Many temple tanks which were once brimming with water and where float festivals were held are dry now

One look at the sprawling Mariamman Teppakulam, and it is the buzz of humanity inside the tank that first catches your attention — boys playing cricket, people walking across the tank to go to the other side and few wheeling bicycles through patches of the dry brown and grassy green tank bed.

Many temple tanks in the city which were once brimming with water and where beautiful float festivals were held are bone dry now. The tanks found either inside or outside the temple premises are replete with rich history and fine architecture.

A source of water is something of great importance to a temple. “For most sprawling temples which bears the brunt of a hot sun, a tank ensures that some parts of the temple are always kept cool,” points out Sridhar Bhattar from the Narasingam Perumal Temple. The presence of a temple tank also results in groundwater table getting charged, says A. Gurunathan, Head, Vayalagam Movement of the Dhan Foundation. It has published a book on four prominent temple tanks in Madurai.

“Owing to scarce rainfall and channels that supplied water from a main source going defunct, either a concrete floor or tiles are laid on the tank bed to retain at least the little water that the tank manages to get since it cannot support percolation and groundwater recharge,” he explains.

The temple tanks

Many believe that these ancient tanks had effective systems which received water from the Vaigai. “Two small tanks were built near the Mariamman Teppakulam so that the silt in the water brought from Vaigai could be filtered before it is let into the tank,” says writer Su Venkatesan who chronicled Madurai’s history in his book ‘Kaaval Kottam.’ “Photos taken in the1880’s during the British period show the tank brimming with water,” he points out.

Among the prominent temple tanks in the city, the Koodal Azhagar Perumal Tank, which is being restored as per a court directive, remains dry. Residents and shopkeepers there say it has been more than 60 years since they last saw the tank with water. While folklore suggests that the Koodal Azhagar Perumal Temple tank on Town Hall Road hosted a grand float festival, the dry tank suggests otherwise. “Even when the streets in its vicinity get flooded during the monsoon, the tank never retains water for more than a couple of days,” says a shopkeeper on Town Hall Road.

Most devotees who visit the Narasingam Perumal Temple on the outskirts of the city exclaim in surprise when they see the temple tank filled with water and covered with lotus leaves. “I’ve been going to the temple for the past 50 years and not once have I seen the tank dry,” says A. Velammal, a flower seller who has a small shop outside the temple.

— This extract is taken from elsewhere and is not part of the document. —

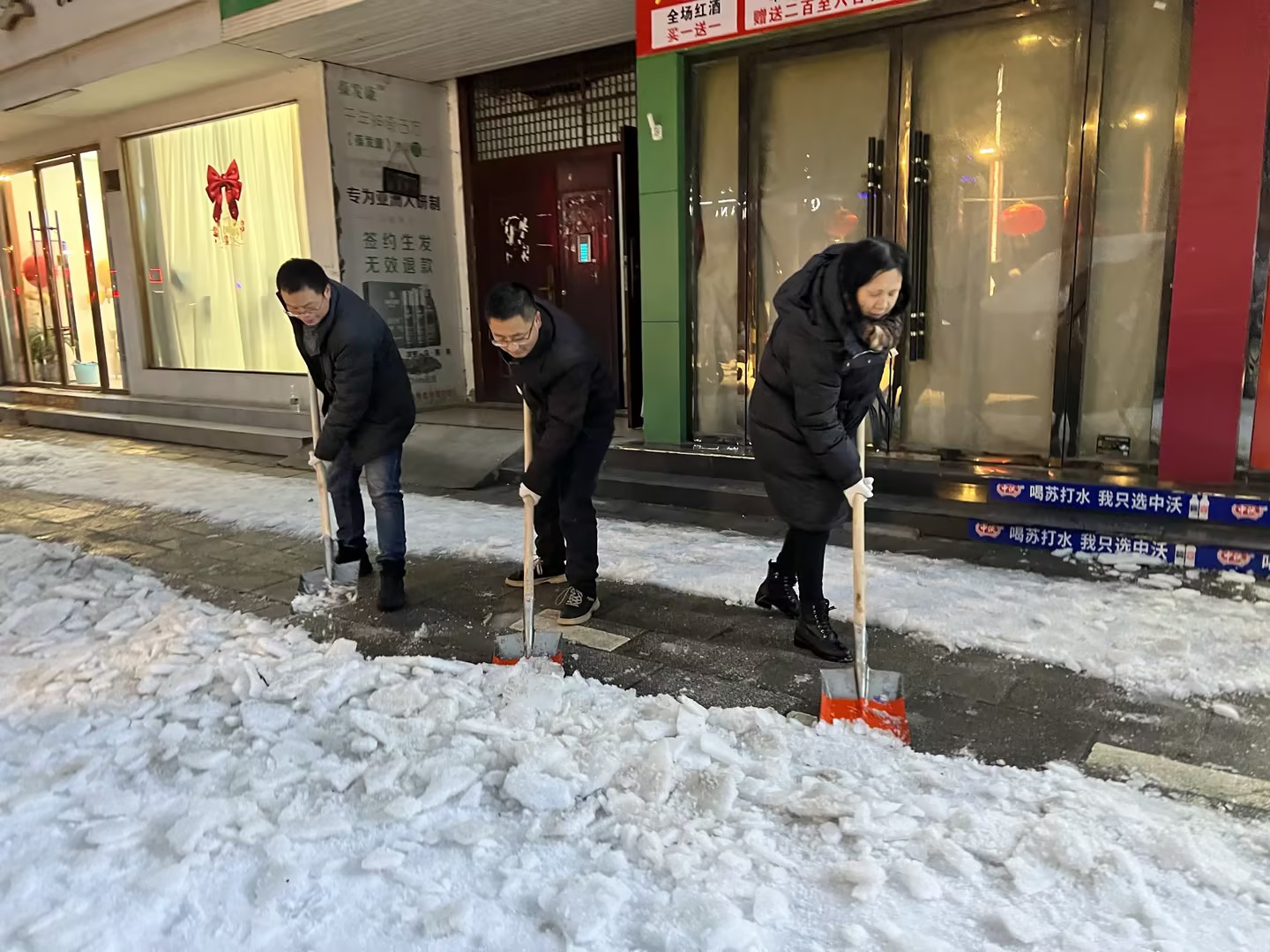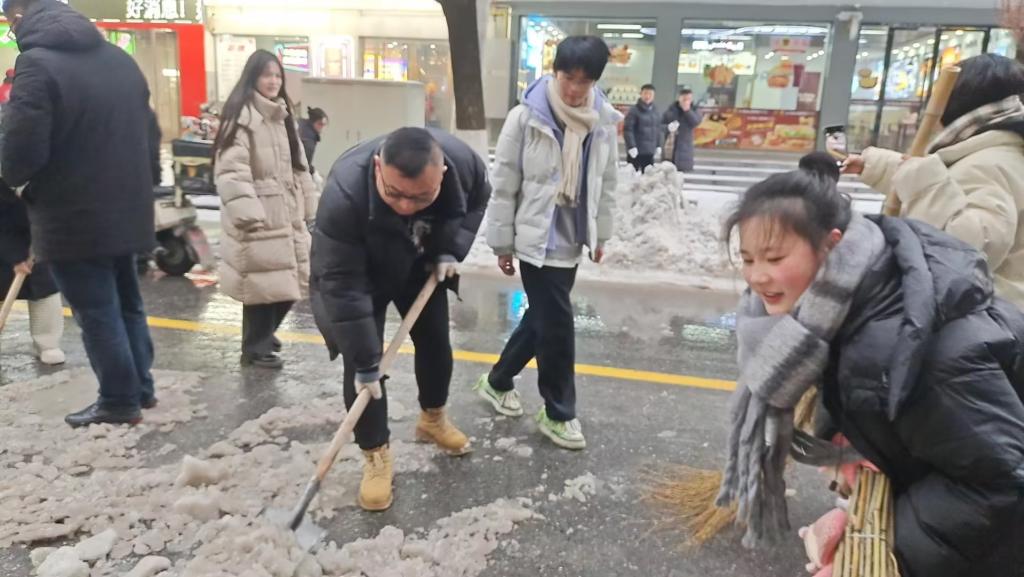 在保卫处的总体协调安排下,教职工迅速到达“门前五包”区域及责任路段。清雪工作高效、有序进行。大家手持铁锹等工具,分工协作,一条条道路逐渐恢复原貌。参与志愿者纷纷表示,虽然辛苦,但能为师生、为市民创造一个安全、洁净的出行环境,深感欣慰与自豪。

The temple authorities do not allow water to be pumped from the tank. Volunteers clean the tank periodically. “While many believe that a natural spring — sort of an artesian aquifer — existed here, the tank’s strategic location near the hills also results in rainwater filling the tank,” says L. Kamakshi, a devotee who frequents the temple.

Systems in place

With regard to pollution, it is a common sight to see plastic bags and bottles inside many of these tanks. “Garbage and water that is used to clean the temple premises should not be let into the tanks,” says Mr. Gurunathan. “While we ensure the tank remains litter-free, people ignore signboards and continue to throw sacks and bags of dry flowers and plastic bottles inside. Tourists and locals should understand that they play a part in keeping the tank clean,” says Ms. Velammal.

Most channels which brought water from the Vaigai and the Kiruthumal River to the temple tanks are choked with garbage and many others have disappeared under buildings and other establishments. “A brick tunnel which is believed to have brought water from the Kiruthumal River leading to the Teppakulam was discovered when a road nearby was dug up,” says historian C. Santhalingam.

While the channels need attention, sustained maintenance of the tank is needed, say experts. Hindu Religious and Charitable Endowments department officials say Mariamman Teppakulam is to be renovated at a cost of Rs. 40 lakh. It will ensure that the cracked walls are repaired. “People must be aware of the history of old tanks so that they will understand the importance of conserving them. A systematic approach in upkeep of these ancient temple tanks will make a world of difference,” says Mr. Venkatesan.